EXERCISE AIM: Repeat all entries word for word; skip images.
^^^^
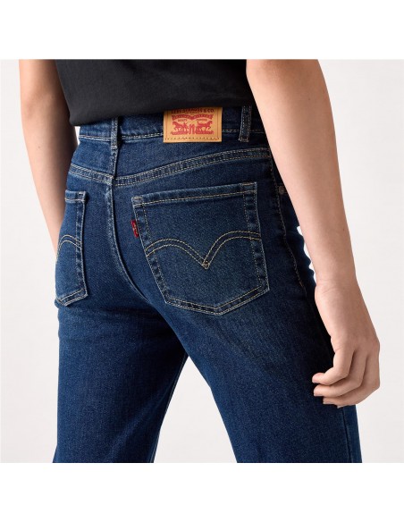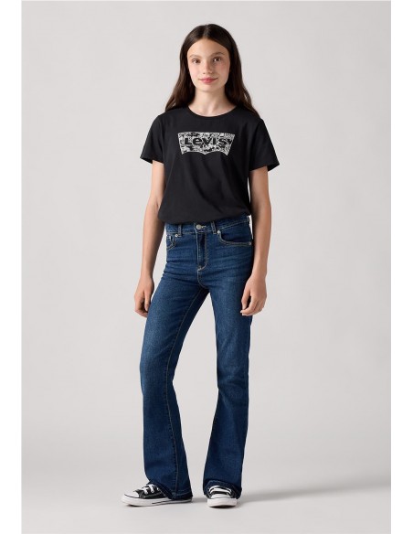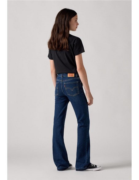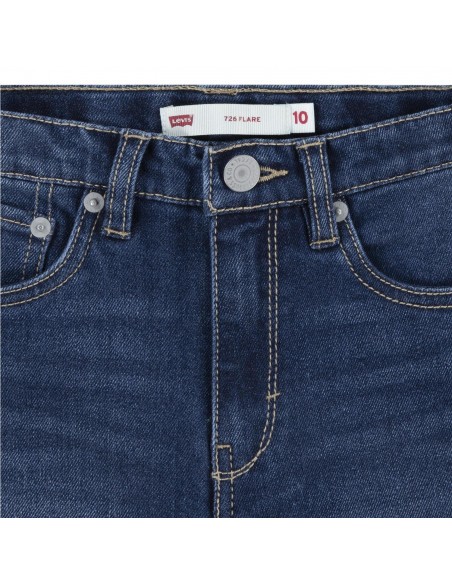 Pantalón largo vaquero, 5 bolsillos corte flare, ajustado en cadera, baja pegado a la pierna y ligeramente abierto en el bajo del pantalón, cierre con botón y cremallera y etiqueta roja cde la marca en el bolsillo trasero derecho.
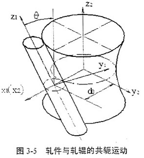 如圖3-5,軋輥軸線z2豎直放置,軋件軸線為z1,兩者交錯成θ角度,垂直距離為d0,軋件半徑為r0。在軋制過程中軋輥是轉動的,現在假設軋輥不轉,根據相對運動原理,則軋件就以軋輥軸線為軸作旋轉運動,若軋件同時繞自身軸線回轉,則軋件的相對運動包括自轉和公轉。以軋件為已知曲面Σ1,它與坐標系S1固連,轉動角速度為ω1,Σ1上的各點在S1中的用規則矩陣表示為X1(1),Y1(1),Z1(1);以軋輥為所求的共軛曲面Σ2,它與坐標系S2固連,轉動角速度為ω2,則軋件的運動可以用矩陣變換的形式表示為:
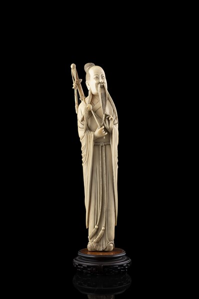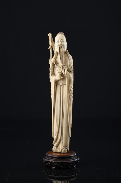 Scultura in avorio raffigurante dignitario, base in legno, in custodia
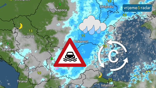 VrijemeRadar: Obilne kiše očekuju se u jugoistočnoj Europi danas i u četvrtak.
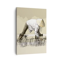 Obraz na płótnie - Ilustracja pracującego rolnika w polu ryżowym - 50x70cm - Udanych zbiorów - Nowoczesna dekoracja ścienna do salonu, kuchni i sypialni ARTTOR
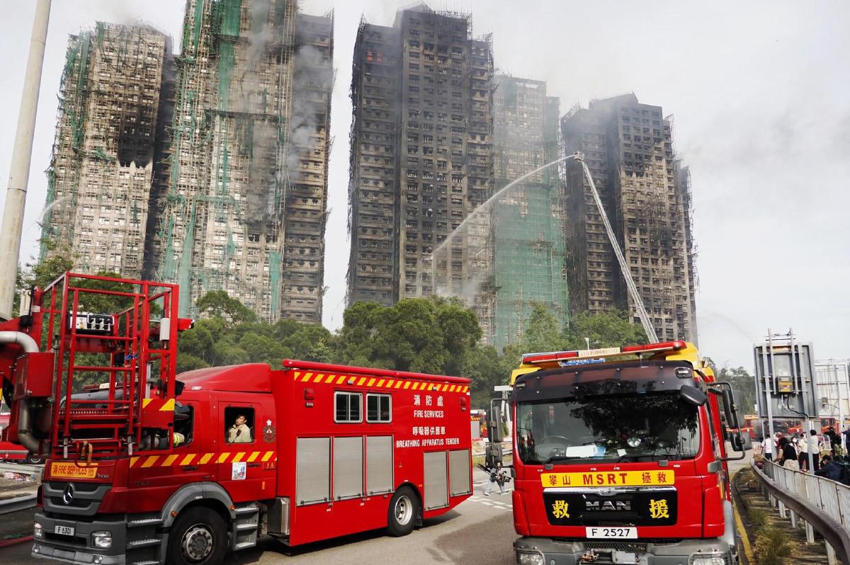 香港新界大埔区宏福苑26日下午发生五级火警。记者26日晚间至27日清晨在现场看到,特区政府有关部门正全力扑灭火灾,在社会各界的协助下妥善安置受灾居民,千方百计降低损失。
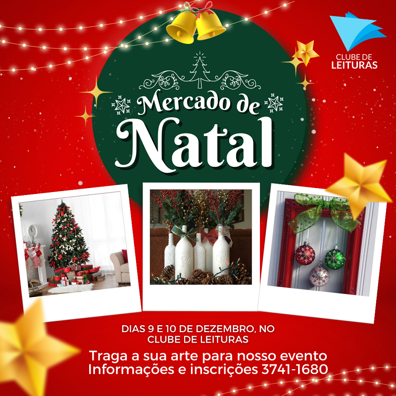 O Clube de Leituras realiza nos dias 9 e 10 de dezembro o Mercado de Natal, com comercialização de produtos do artesanato local, além de apresentações culturais.
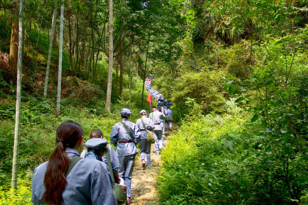 本网讯(通讯员马霞丽)8月24日,金年会jinnianhuicom“小苹果”青媒中心社会实践团成员身着红军军装,在全国青少年井冈山革命传统教育基地的组织下,与全国其它21所高校团队一起来到朱毛挑粮小道,重温井冈山革命斗争时期生活情景,感受老一辈无产阶级革命家身先士卒、率先垂范的高风亮节,体会井冈山精神。
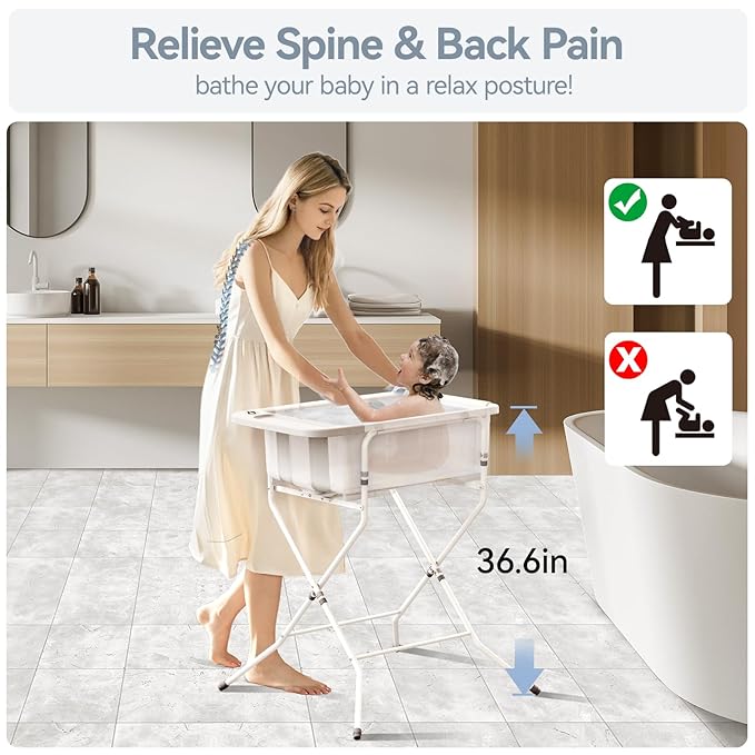 - 【Save Your Spine & Back】Engineered with ergonomics height, this baby bathtub with stand eliminates 90% of spinal & back strain caused by floor kneeling. Adapts to 150-200cm parents. No more numb legs or aching backs after bath time! The drain hole on the bottom can empty the water easily without bending over.
^^^^
THE COMPLETED TASK:
 Pantalón largo vaquero, 5 bolsillos corte flare, ajustado en cadera, baja pegado a la pierna y ligeramente abierto en el bajo del pantalón, cierre con botón y cremallera y etiqueta roja cde la marca en el bolsillo trasero derecho.
 如圖3-5,軋輥軸線z2豎直放置,軋件軸線為z1,兩者交錯成θ角度,垂直距離為d0,軋件半徑為r0。在軋制過程中軋輥是轉動的,現在假設軋輥不轉,根據相對運動原理,則軋件就以軋輥軸線為軸作旋轉運動,若軋件同時繞自身軸線回轉,則軋件的相對運動包括自轉和公轉。以軋件為已知曲面Σ1,它與坐標系S1固連,轉動角速度為ω1,Σ1上的各點在S1中的用規則矩陣表示為X1(1),Y1(1),Z1(1);以軋輥為所求的共軛曲面Σ2,它與坐標系S2固連,轉動角速度為ω2,則軋件的運動可以用矩陣變換的形式表示為:
 Scultura in avorio raffigurante dignitario, base in legno, in custodia
 VrijemeRadar: Obilne kiše očekuju se u jugoistočnoj Europi danas i u četvrtak.
 Obraz na płótnie - Ilustracja pracującego rolnika w polu ryżowym - 50x70cm - Udanych zbiorów - Nowoczesna dekoracja ścienna do salonu, kuchni i sypialni ARTTOR
 香港新界大埔区宏福苑26日下午发生五级火警。记者26日晚间至27日清晨在现场看到,特区政府有关部门正全力扑灭火灾,在社会各界的协助下妥善安置受灾居民,千方百计降低损失。
 O Clube de Leituras realiza nos dias 9 e 10 de dezembro o Mercado de Natal, com comercialização de produtos do artesanato local, além de apresentações culturais.
 本网讯(通讯员马霞丽)8月24日,金年会jinnianhuicom“小苹果”青媒中心社会实践团成员身着红军军装,在全国青少年井冈山革命传统教育基地的组织下,与全国其它21所高校团队一起来到朱毛挑粮小道,重温井冈山革命斗争时期生活情景,感受老一辈无产阶级革命家身先士卒、率先垂范的高风亮节,体会井冈山精神。
 - 【Save Your Spine & Back】Engineered with ergonomics height, this baby bathtub with stand eliminates 90% of spinal & back strain caused by floor kneeling. Adapts to 150-200cm parents. No more numb legs or aching backs after bath time! The drain hole on the bottom can empty the water easily without bending over.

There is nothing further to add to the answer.